Beginning on March 31, 2019, new Kubernetes clusters will be created by default in VPC-native mode. Existing clusters will continue to use Routes-based clusters.

I am not sure how it should be implemented because there is the ip_allocation_policy option already.

New or Affected Resource(s)

  • google_container_cluster

Potential Terraform Configuration

resource "google_container_cluster" "primary" {
  name               = "marcellus-wallace"
  zone               = "us-central1-a"
  initial_node_count = 3

  enable_vpc_native = "false"

  master_auth {
    username = "mr.yoda"
    password = "adoy.rm"
  }

References

This is a newsletter i received today.

Hello Google Kubernetes Engine Customer,

We’re writing to let you know that from March 31, 2019, newly created clusters will, by default, be VPC-native instead of routes-based. VPC-native clusters are by default integrated with VPC features, are more secure, scalable and do not exhaust Routes quota. There will be no changes to your existing Kubernetes clusters.

What do I need to know?
VPC-native clusters use secondary ranges for the IP address ranges of the cluster. One range is reserved for Pod IP addresses, and another is reserved for Service IP addresses.

Routes-based clusters (the previous default), use a single CIDR range for both Pod IP addresses and Service IP addresses.

CIDR blocks used in VPC-native clusters are visible to other Google Cloud Platform (GCP) services, while CIDR blocks used in Routes-based clusters are not.

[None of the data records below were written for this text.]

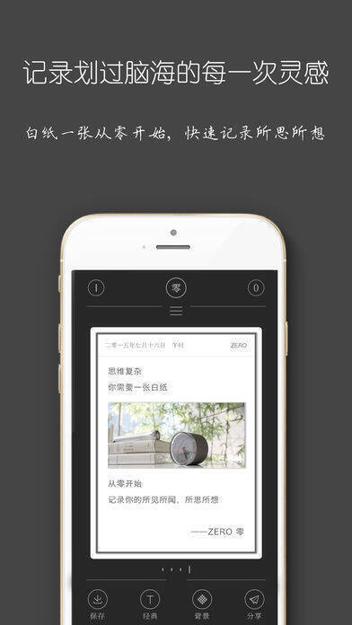 ZERO零是一款集图片制作与文本创作为一体的工具应用,支持快速分享至微信朋友圈、微博、QQ等主流社交平台。ZERO零期望大家的生活回归简单,以轻文艺的方式表达自我、体验慢生活,从零开始,记录生活点滴。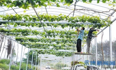 15日,在永康市唐先镇十里葡萄长廊下,几名管理人员对葡萄进行枝条修剪、扎条,既可提高产量,又能增添长廊美观。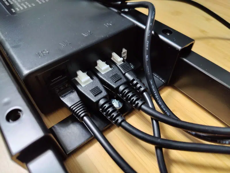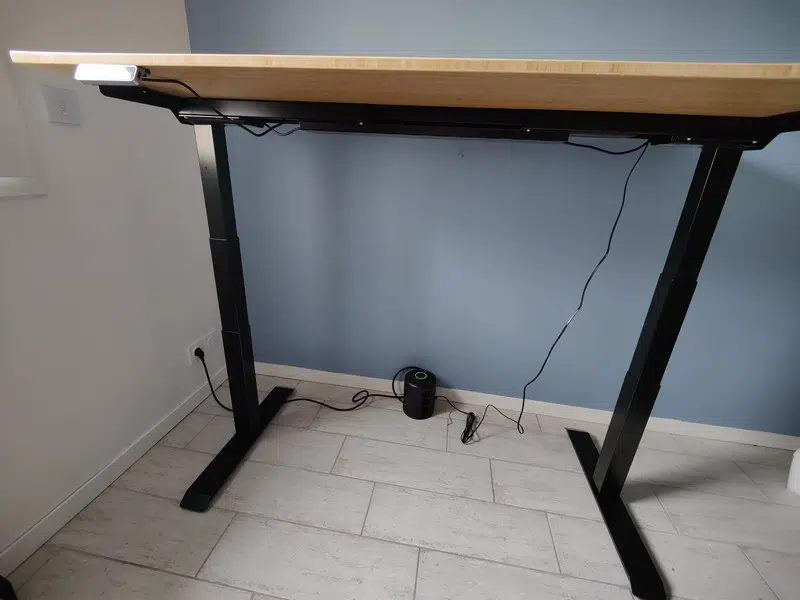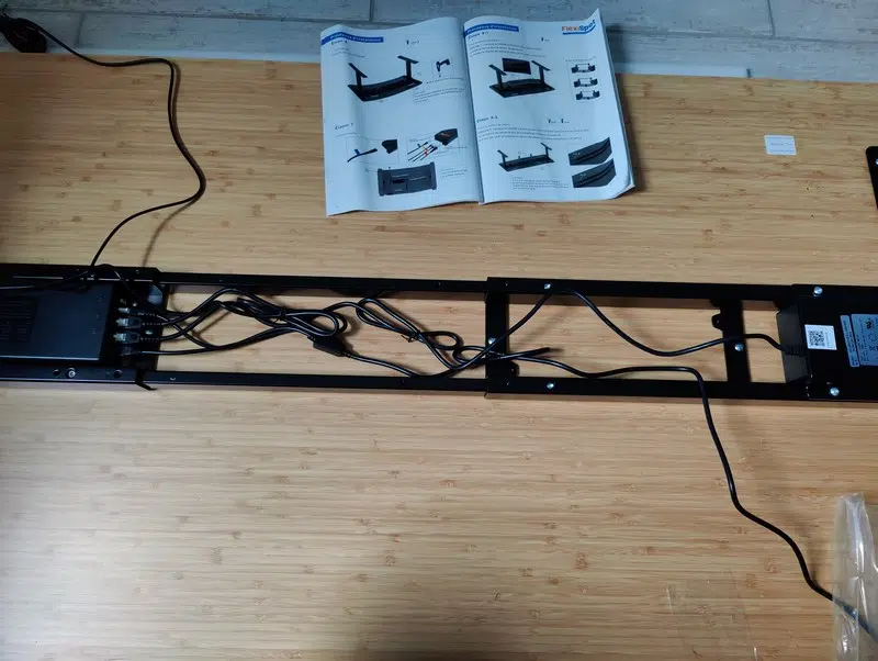La principale difficulté, c'est la gestion des câbles, ou plutôt de la longueur de câbles. Il faut s'assurer que les câbles soient suffisamment longs lorsque le bureau est en position haute. Et, il faut aussi s'assurer que l'installation reste propre lorsque le bureau est en position basse. Parfois, les câbles sont courts... J'en ai fait l'expérience avec le câble d'alimentation de l'un de mes deux écrans. Dans ce cas, il faut changer le câble pour utiliser un plus long à la place ou sinon utiliser une multiprise que l'on pourrait fixer sous le plateau du bureau ou au châssis.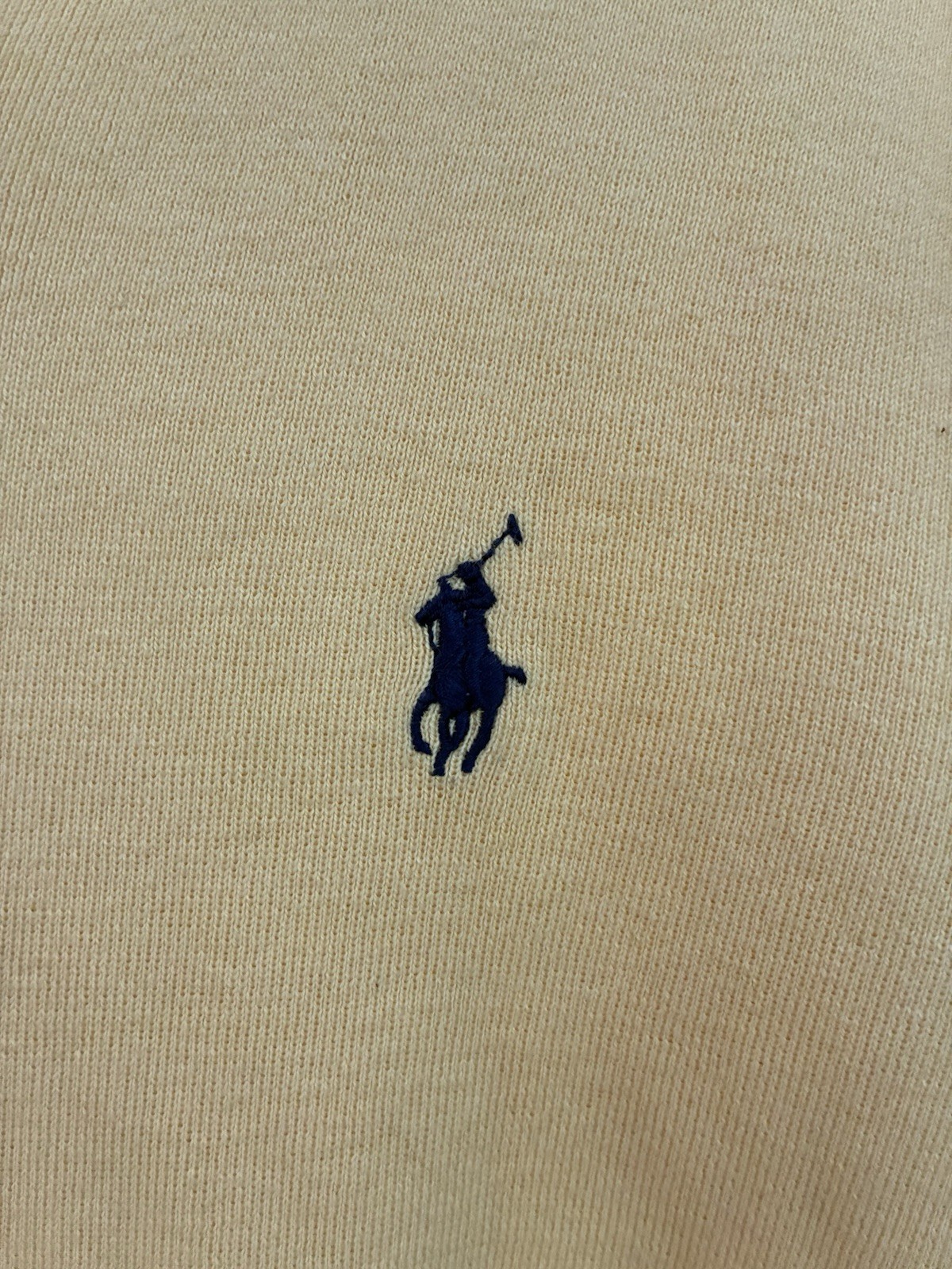 Polo Ralph Lauren Men Solid Yellow 100% Pima Cotton V-Neck Long Sleeve Sweater S. Condition is pre-owned. Smoke free, pet free home. Shipped via USPS Ground Advantage. In good condition. There are light stains on the front and sleeve. Free of rips.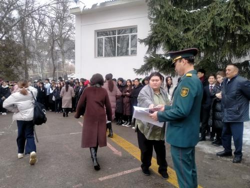 2023 жылдың 16-ші ақпанында сейсможаттығу өткізілді Мақсаты: мектептің дайындық дәрежесін анықтау және төтенше жағдайлардың алдын алу.Сейсможаттығуға мектептің білім алушылары мен мектеп ұжымы қатысты. Қатысушыларға өрт, су тасқыны, қаркөшкіні, жер сілкінісі қауіп төнген кездегі іс - қимыл тәртібі жайында айтылды.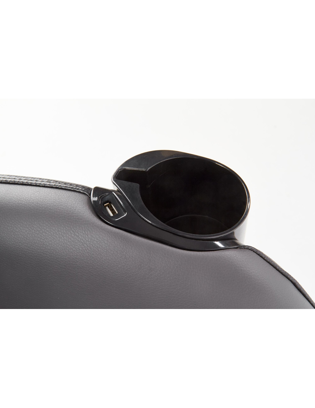 Fotel DOPIO oferuje funkcję masażu, gniazdo USB do ładowania oraz uchwyt na napoje.
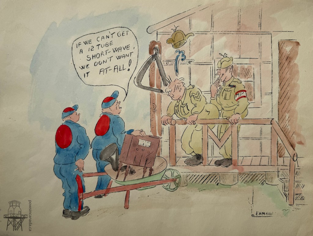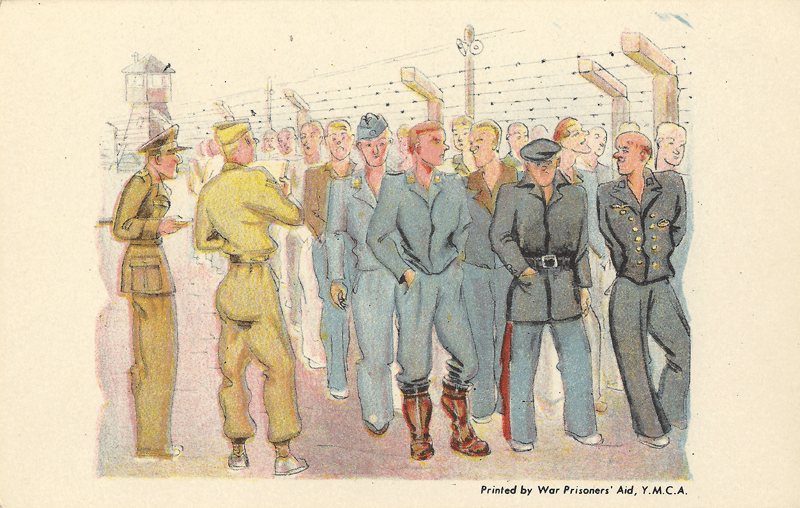 While I am not aware of other cartoons in this series, Ellmaurer did continue sketching and painting at Camp 70. Among his works was a series that, along with some art from fellow POW artist Joachim von Quillfeldt, was selected by the War Prisoners’ Aid of the YMCA for use as souvenir postcards for prisoners of war interned throughout Canada.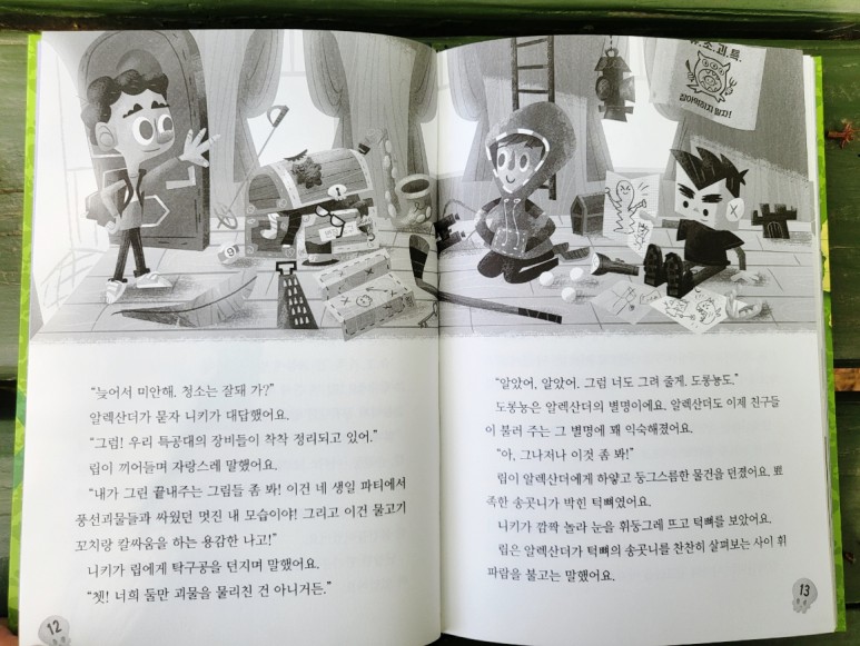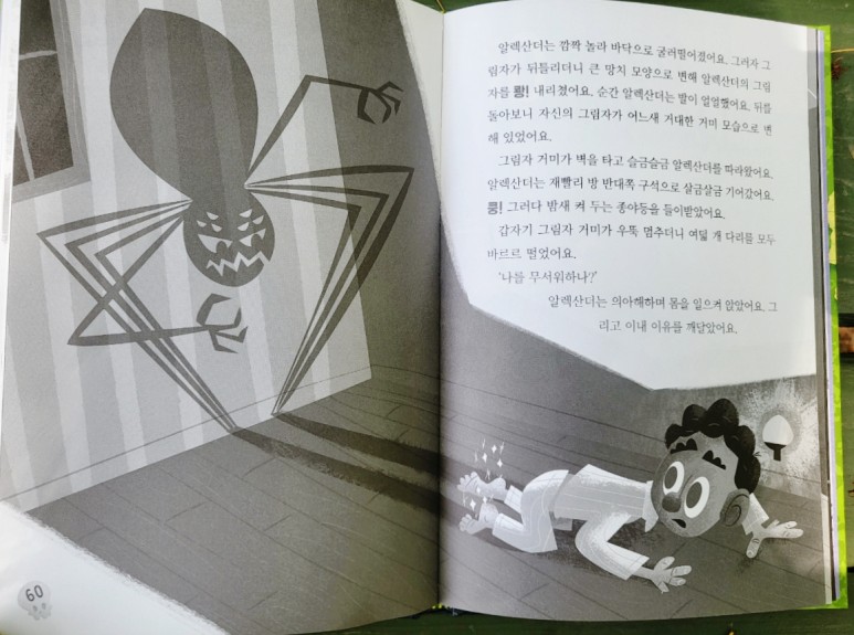 #절대열면안되는공포의노트 #땅다람람쥐날과으스스그림자습격사건 #사파리 #트로이커밍스 글 그림 당연히 있어야 하는 #그림자 가 어느날 보이지 않고 나의 그림자가 다른모습으로 보인다면당신을 어떨까? 절대열면안되는공포의노트3번째 시리즈이다. 글밥이 많은 책으로 넘어갈때에 읽으면 좋다. 이 시리즈는 특히나 아이들 스스로 문제를 찾고 탐구하고 해결하는 모습이 보기 좋다. 그리고 젤 뒷장에 독후활동을 할수 있도록 해두어서 한번 더 책 내용을 상기할 수 있다. 알렉산더는 슈퍼 초비밀 괴물 특공대의 특공대원으로 함께 활동하는 립과 니키를 무척이나 좋아하고 신뢰한다. 갑자기 괴물노트의 한 쪽을 확 찢는 니키.. 괴물노트에서 본 그림과 비슷한 니키의 송곳니 단체 사진을 찍을 때 웃지 않는 니키. 그림자 역시 보이지 않는다. 점점 이상함을 감지해본다. 땅다람쥐 날에 모인 사람들의 그림자가 전부 이상하다.그런데 누구하나 신경쓰지 않는다. 친구의 비밀을 알게 된다면 어떻게 해야 할까? 아이와 나눈 대화중 하나이다. 친구의 소중한 비밀은 지켜 주고 싶다고 얘기하는 아들... #으스스그림자 는 과연 어떻게 될까요? |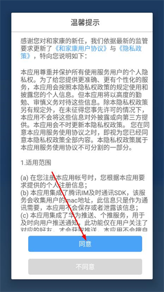 1、打开和家康app,在弹出的温馨提示弹窗中点同意,进入登录页面。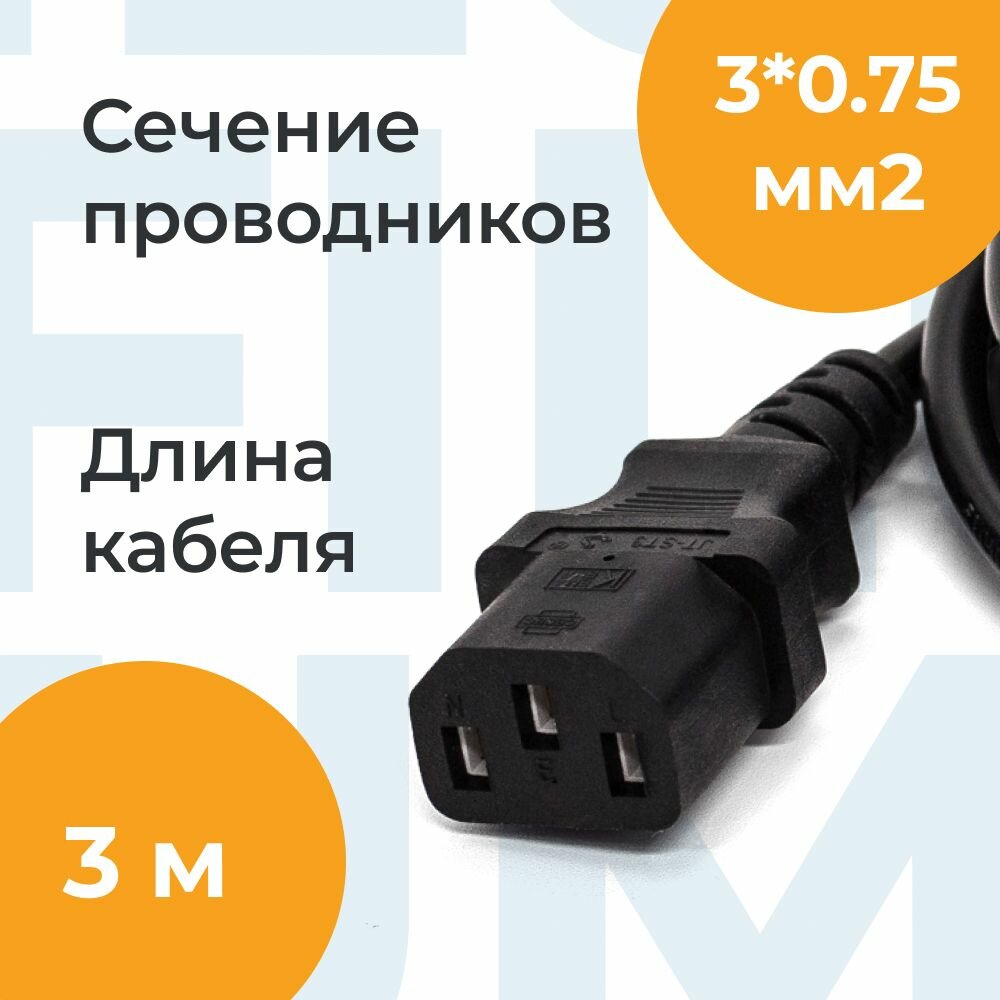 Filum Кабель питания С13- C14, 3х0.75мм, 220В, 10A, чёрный, 3м [FL-PC10-C13-C14-3M] (873349)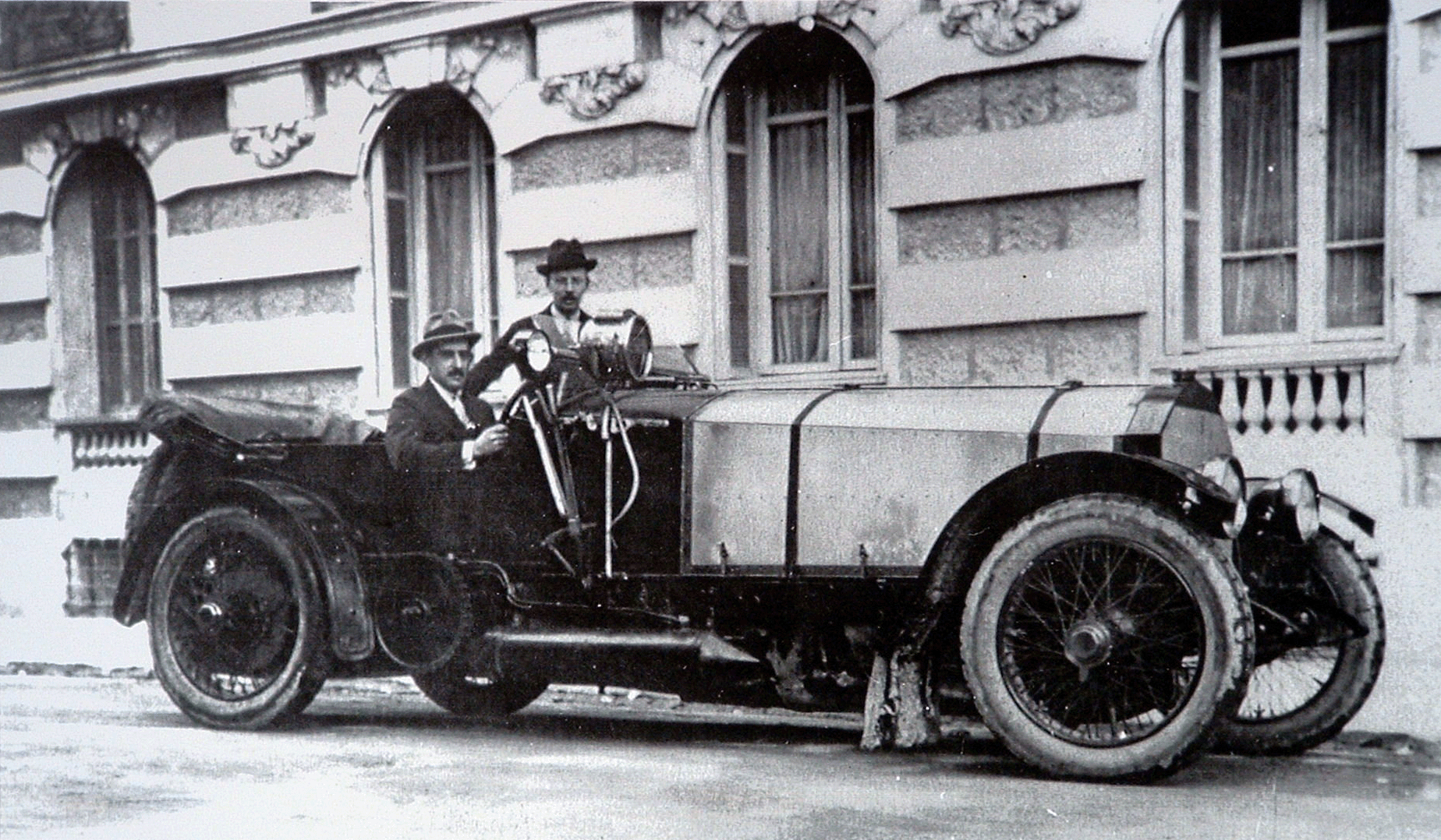 Photo: Louis Zborowski and Clive Gallop with Chitty Bang Bang 2 in Nice, 1922, outside the Negresco Hotel

VPC-native CIDR ranges will not overlap with CIDR ranges used by other VPC resources. A newly created VPC-native cluster would by default consume an extra /20 private IP addresses.

What do I need to do?
Beginning on March 31, 2019, new Kubernetes clusters will be created by default in VPC-native mode. Your existing clusters will continue to use Routes-based clusters.

If you’d like to use Routes-based clusters for your newly created projects, you can deselect the "Enable VPC-native (using alias IP)" option for the relevant VPC and project from the Cloud Console when creating your cluster:

or using the gcloud command line tool:

gcloud container clusters create NAME --no-enable-ip-alias
Need more information or help?
If you have any questions or require assistance, please reply to this email to contact Google Cloud Support.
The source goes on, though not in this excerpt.